A social media competitive analysis will help a brand:

The idea is to benchmark your social results against the competition so you have definitive goals to measure and assess.

How to Conduct a Social Media Competitive Analysis

Locate Your Competition

This isn’t always as easy as it sounds. It all depends on your industry and market. If you have a few of the keywords your business is trying to rank for on search engines, this is a good start. However, these should be descriptive longtail keywords, not something generic.

For example, if you run a boutique hotel in New York City with wine tastings, you won’t be competing with the Holiday Inn. So your search needs to go deeper than simply using keywords like “hotels in New York.”

Develop a Robust List of Keywords

Google Adwords Keyword Planner is a good tool for developing a keyword list that’s the most relevant for your brand. To start, use it to analyze your website. This will give you a list of relevant keywords, along with the average search volume and estimated level of competition.

This can be used to narrow down your list of competitors to ensure you’re analyzing businesses that you are truly competing with.

See Who’s Ranking on Search Engines

Once you have a keyword list that strongly represents the brand, plug the top 5-10 words into Google to see what companies pop up. This will give you a very quick sense of who your competition is online.

Pay attention to brands that are paying for Google ads, as they are really putting their money where their mouth is when it comes to marketing. Consider this strong competition.

Click through any competitor website and take a peek around. Most brands will keep their social buttons in either the header or footer of the page. Enter these links into your competitive analysis spreadsheets for quick and easy access.

Check Ranking on Social Media Sites

Ranking on Google is only half the battle. You should also know where your competition stands on each social channel. Enter keywords into the search bar and record what comes up.

On Facebook, you want to check out the top business pages for those keyword searches. On Twitter, you should pay more attention to hashtags. Every social channel is different.
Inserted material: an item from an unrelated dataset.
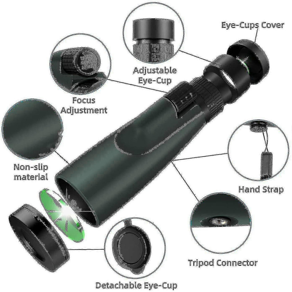10-30x 50mm HD monocular Anruzon monocular is a high-performance monocular telescope with 10-30x adjustable magnification that allows you to get closer to the distance. In addition, a 50 mm objective lens (eyepiece: 22 mm) of this monocular has a 45% larger incident light area than a 42 mm objective lens and offers a larger field of view. An ideal monocular for camping, bird watching, concerts, sporting events, sightseeing, landscapes, etc.Phone holder and tripod The latest Anruzon 2021 phone holder is included and is suitable for almost all smartphones such as iPhones, Samsung, Sony, LG, HTC, etc. Also comes with a rotatable metal tripod that can be used to record every amazing moment in all directions can. With the monocular with smartphone, you can now share the beauty you have captured with your families and friends.Image with high contrast and high resolution The BAK-4 prism and the FMC lens (Fully Multi-Coated) of our zoom monocular guarantee a light transmission of up to 99.9%, resulting in a bright, sharp and brightly colored image achieved. And by reducing glare and double vision, you will not get dizzy and you will have a comfortable view for a long time.Humanized design This Starscope monocular telescope measures 20 x 8 x 6.5 cm and weighs only 248 g. It is very comfortable to hold and focus with one hand. An adjustable eyecup can be rotated up and down for easy viewing with or without glasses. If you hold the monocular with your hand, the non-slip rubber armor and the attached hand strap protect the monocular from falling.Waterproof, dustproof, shockproof Our monocular telescope is waterproof with filler nitrogen. But to extend the lifespan, never rinse it with water or submerge it in water. In addition, two supplied O-ring lens caps keep the lenses away from moisture and dust. Together with shockproof rubber armor, this monocular telescope can accompany you on your outdoor adventure even in bad weather.
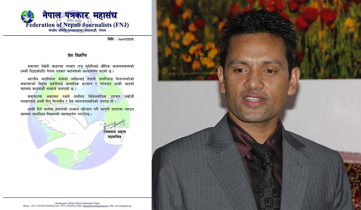 काठमाडौं – नेपाल पत्रकार महासंघले समाचार लेखेकै आधारमा पत्रकार राजु सुवेदीलाई भौतिक आक्रमणसम्मको धम्की दिइएको घटनाप्रति गम्भीर ध्यानाकर्षण भएको जनाएको छ । महासंघले जारी गरेको प्रेस विज्ञप्तिमा भारतीय नागरिकता बोकेको व्यक्तिलाई नेपाली नागरिकता वितरणसम्बन्धी समाचार प्रकाशित भएपछि सुवेदीलाई सामाजिक सञ्जाल र फोनमार्फत धम्की आएको उल्लेख गरिएको छ। पत्रकार राजु सुवेदीले बागलुङमा सार्वजनिक जग्गा अतिक्रमण गर्दा […]

Find Out Who Your Target Audience Follows

The people will lead you. Watch who your target audience is engaged with and that’s your direct competition. Twitter Analytics and Facebook Audience Insights will give you some understanding of what other companies your prospective customers follow.

Choose Up To Five Brands to Focus On

Don’t limit your analysis to just one company, but definitely narrow it down to between three and five top competitors. Choose the brands that have the closest fit to your target niche and this will give you the greatest insight.

Getting Started

Before you begin, find a place where you’ll keep all this data. An Excel spreadsheet is a good idea. You want a central repository for all competitor data that can be accessed quickly. Use this rich data to better inform everything from marketing strategies to know your customer (KYC) processes and future product development.